Converse API (Recommended)

Unified API that works across all text models with consistent request/response format.

flowchart LR
    A["Unified Request"] --> B["Converse API"]
    B --> C["Any Text Model"]
    C --> D["Unified Response"]

    style B fill:#22c55e,color:#fff

Basic Usage

response = client.converse(
    modelId='anthropic.claude-3-sonnet-20240229-v1:0',
    messages=[
        {
            "role": "user",
            "content": [{"text": "Explain quantum computing in simple terms."}]
        }
    ],
    inferenceConfig={
        "maxTokens": 1024,
        "temperature": 0.7,
        "topP": 0.9
    }
)

print(response['output']['message']['content'][0]['text'])
print(f"Input tokens: {response['usage']['inputTokens']}")
print(f"Output tokens: {response['usage']['outputTokens']}")

Multi-turn Conversation

messages = []

def chat(user_message):
    messages.append({
        "role": "user",
        "content": [{"text": user_message}]
    })

    response = client.converse(
        modelId='anthropic.claude-3-sonnet-20240229-v1:0',
        messages=messages,
        inferenceConfig={"maxTokens": 1024}
    )

    assistant_message = response['output']['message']
    messages.append(assistant_message)

    return assistant_message['content'][0]['text']

# Conversation
print(chat("What is Python?"))
print(chat("What are its main uses?"))
print(chat("Show me a simple example."))

System Prompt

response = client.converse(
    modelId='anthropic.claude-3-sonnet-20240229-v1:0',
    system=[
        {"text": "You are a helpful coding assistant. Provide concise answers with code examples."}
    ],
    messages=[
        {
            "role": "user",
            "content": [{"text": "How do I read a JSON file in Python?"}]
        }
    ],
    inferenceConfig={"maxTokens": 1024}
)

Streaming Responses

For real-time output display.

InvokeModelWithResponseStream

response = client.invoke_model_with_response_stream(
    modelId='anthropic.claude-3-sonnet-20240229-v1:0',
    body=json.dumps({
        "anthropic_version": "bedrock-2023-05-31",
        "max_tokens": 1024,
        "messages": [
            {"role": "user", "content": "Write a short story about AI."}
        ]
    })
)

for event in response['body']:
    chunk = json.loads(event['chunk']['bytes'])
    if chunk['type'] == 'content_block_delta':
        print(chunk['delta']['text'], end='', flush=True)

ConverseStream

response = client.converse_stream(
    modelId='anthropic.claude-3-sonnet-20240229-v1:0',
    messages=[
        {
            "role": "user",
            "content": [{"text": "Write a short story about AI."}]
        }
    ],
    inferenceConfig={"maxTokens": 1024}
)

for event in response['stream']:
    if 'contentBlockDelta' in event:
        text = event['contentBlockDelta']['delta'].get('text', '')
        print(text, end='', flush=True)
    elif 'metadata' in event:
        usage = event['metadata']['usage']
        print(f"\n\nTokens: {usage['inputTokens']} in, {usage['outputTokens']} out")

Inference Parameters

Parameter Description Typical Range
maxTokens Maximum output length 1-4096+
temperature Randomness (0=deterministic) 0.0-1.0
topP Nucleus sampling 0.0-1.0
stopSequences Stop generation triggers ["\n\n"]
inferenceConfig = {
    "maxTokens": 2048,
    "temperature": 0.5,      # More focused
    "topP": 0.9,
    "stopSequences": ["\n\nHuman:"]
}

Error Handling

from botocore.exceptions import ClientError

def invoke_with_retry(prompt, max_retries=3):
    for attempt in range(max_retries):
        try:
            response = client.converse(
                modelId='anthropic.claude-3-sonnet-20240229-v1:0',
                messages=[{"role": "user", "content": [{"text": prompt}]}],
                inferenceConfig={"maxTokens": 1024}
            )
            return response['output']['message']['content'][0]['text']

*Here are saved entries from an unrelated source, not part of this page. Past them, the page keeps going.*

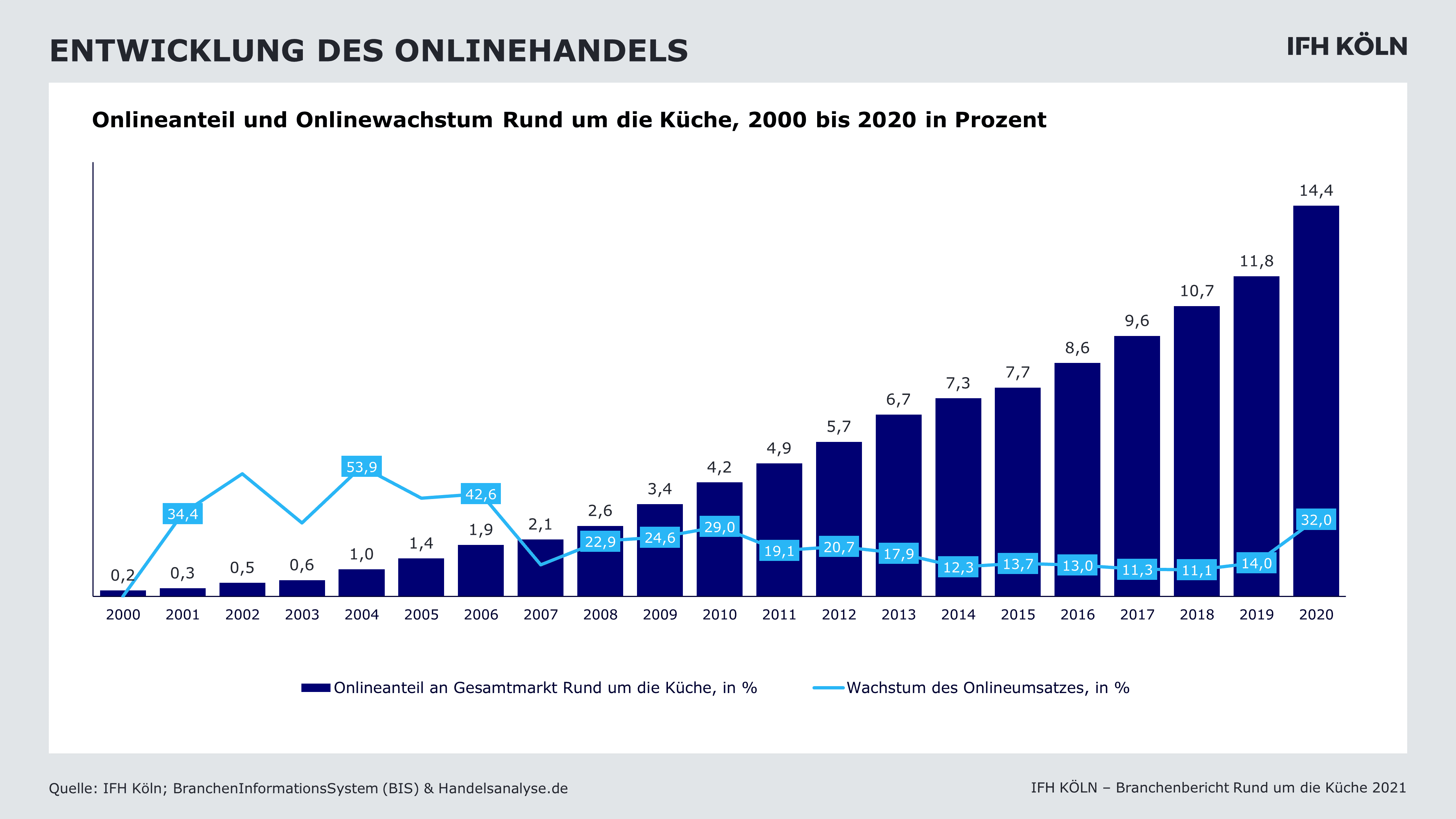 Neuer Branchenbericht „Rund um die Küche“ des IFH KÖLN erschienen. Fazit: Die Coronakrise bescherte dem Markt einen unverhofften Wachstumsimpuls, der jedoch 2022 verbraucht sein dürfte. Das Wachstum des Onlinegeschäfts im Markt wird anhalten.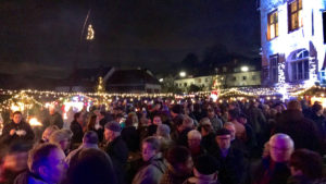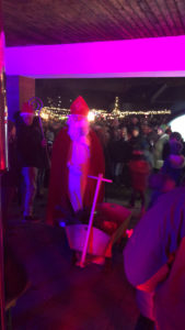Nach und nach füllte sich der Platz mit so vielen Leuten, wie wir sie niemals erwartet hätten. Die Hütten waren hoch frequentiert und die warmen Getränke und Speisen ging flott über die Ladentheke. Die größte Freude an diesem Abend konnte jedoch den Kleinsten unter uns gemacht werden: Gegen 18 Uhr kam der Nikolaus höchstpersönlich zu Besuch! Nachdem die Kinder ein Gedicht vortrugen, hatte er selbstverständlich für jeden etwas zu verschenken.
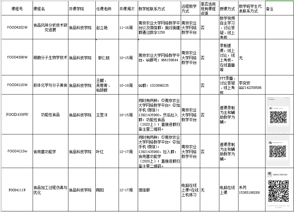 2019-2020第二学期食品院教授开放课程在线教学联系方式

        except ClientError as e:
            error_code = e.response['Error']['Code']

            if error_code == 'ThrottlingException':
                wait_time = 2 ** attempt
                print(f"Throttled. Waiting {wait_time}s...")
                time.sleep(wait_time)
            elif error_code == 'ModelTimeoutException':
                print("Model timeout. Retrying...")
            elif error_code == 'ValidationException':
                print(f"Validation error: {e}")
                raise
            else:
                raise

    raise Exception("Max retries exceeded")

Common Errors

Error Cause Solution
AccessDeniedException Model not enabled Enable in Bedrock console
ThrottlingException Rate limit exceeded Implement exponential backoff
ValidationException Invalid request Check request format
ModelTimeoutException Model took too long Retry or reduce input

Best Practices

1. Use Converse API

# Preferred - works with any model
response = client.converse(
    modelId=model_id,
    messages=messages,
    inferenceConfig=config
)

# Avoid - model-specific format required
response = client.invoke_model(
    modelId=model_id,
    body=json.dumps(model_specific_body)
)

2. Implement Timeouts

from botocore.config import Config

config = Config(
    read_timeout=120,
    connect_timeout=10,
    retries={'max_attempts': 3}
)

client = boto3.client('bedrock-runtime', config=config)

3. Track Token Usage

def track_usage(response):
    usage = response.get('usage', {})
    return {
        'input_tokens': usage.get('inputTokens', 0),
        'output_tokens': usage.get('outputTokens', 0),
        'total_tokens': usage.get('inputTokens', 0) + usage.get('outputTokens', 0)
    }

4. Use Environment Variables for Region

import os

region = os.environ.get('AWS_REGION', 'us-east-1')
client = boto3.client('bedrock-runtime', region_name=region)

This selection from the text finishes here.